The proportion of people around the world who regard climate change as a ‘very’ or ‘somewhat’ serious threat to people in their country has risen to three-quarters (75%) for the first time, a global study has found.
The findings come from a new report from the latest edition of the World Risk Poll, for which global analytics company Gallup interviewed 143,000 people in 140 countries during 2025, using rigorous representative sampling techniques.
75% is the highest level of global public concern recorded by the Poll since it began in 2019, when the figure stood at just under seven in 10 (69%). This increase is being driven by people in middle-income countries, who are increasingly feeling the heat of record temperatures, and more frequent and intense severe weather events.
However, the global rise masks a reduction in the intensity of concern in many high income countries, where the proportion of adults who see climate change as a ‘very serious’ threat has dropped from over half (54%) to just under (49% – still above the 40% global average). Eight high-income countries – Kuwait, Croatia, Spain, Ireland, Denmark, Canada, New Zealand and the UK – have seen declines of at least 10 percentage points.
The findings come as climate campaigners, policymakers and industry leaders from around the world convene for London Climate Action Week, in a year on-track to be among the warmest on record, boosted by the impending El Niño weather pattern.
Nancy Hey, Director of Evidence and Insight at Lloyd’s Register Foundation, said: “Three quarters of people worldwide now see climate change as a serious threat – the highest we’ve ever recorded – and fewer people now say they don’t know if it will affect them. This is a clear foundation for action; action that can improve lives now and in the future. When we recognise our shared concern, we can move faster, together, for real, practical change.”
Despite the fall at the most intense levels of concern, four in five people (79%) in high income countries still regard climate change as at least a ‘somewhat serious’ threat to people in their country.
However, data from the World Risk Poll suggests that people in these countries seriously underestimate their fellow citizens’ level of concern – while half (49%) see climate change as a ‘very serious’ threat, only one in five (20%) believe most other people in their country feel the same. This gap is biggest in Portugal (42 percentage points) and the United States (41).
Pedro Conceição, Director of the Human Development Report Office at the United Nations Development Programme – which supported the development of the Poll – said: “The findings of the World Risk Poll reveal a powerful but often overlooked barrier to climate action: across the world, people care more about climate change than they believe others do. This perception gap matters. When people who support climate action think they are in the minority, they may be less likely to speak up, act, or support visible policy change – weakening the collective action that is urgently needed.

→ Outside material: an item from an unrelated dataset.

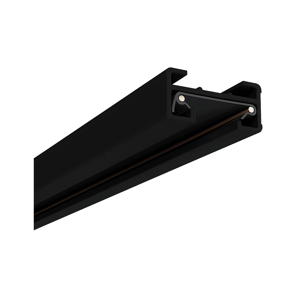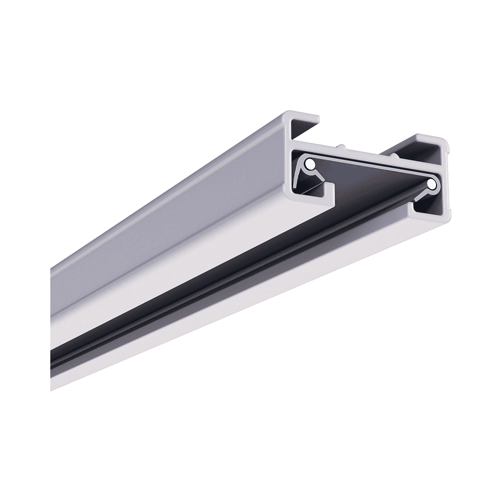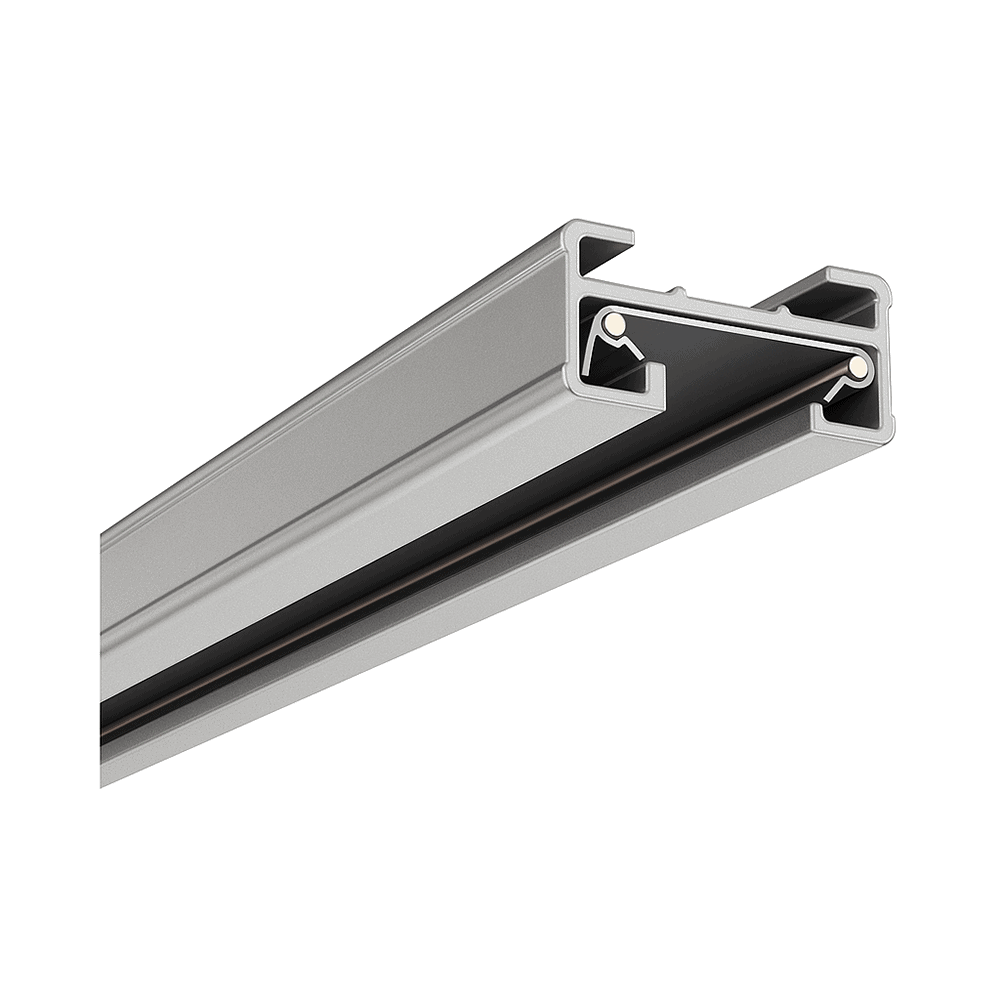 Single circuit track is available for 120V applications. Single hot and neutral conductors are rated for 20 Amps per branch circuit. Copper electrical conductors are concealed in an insulating thermoplastic low profile track cross-section.

“We are pleased that our collaboration with Lloyd’s Register Foundation brings new evidence to this critical global challenge, showing that the space for climate action may be larger than many assume.”
Gareth Redmond-King, Head of the International Programme at the UK-based Energy and Climate Intelligence Unit, added: “As impacts from climate change worsen, people everywhere are worried about the growing dangers, and daily cope with the rising costs.
“Here in the UK concern about climate change bridges political, generational, and geographical divides – even if too many people wrongly believe their worries are only shared by a minority. Only cutting our emissions to net zero will halt climate change, and we are running out of time to limit the threat it poses to lives, livelihoods, health, and food security. The more everyone talks about that, the more people will realise their concerns are shared by almost everyone around them. And as climate change driven extremes are exacerbated by the arrival of El Niño, the more it will then become clear to leaders that the people who elect them expect them to act.”
The report – Alone Together: The Hidden Consensus on Climate Change – accompanies a second 2026 World Risk Poll report: The Quiet Hazards: How Everyday Risk Shapes Daily Life, which tracks global worry about, and harm from, a range of different safety risks. Headline findings include:
- A global reduction in rates of workplace injury, from one in five (10%) in 2021 to one in six (16%) in 2025.
- A global increase in harm from food and drinking water, to 14% and 13% of adults respectively – the highest level since the Poll began in 2019.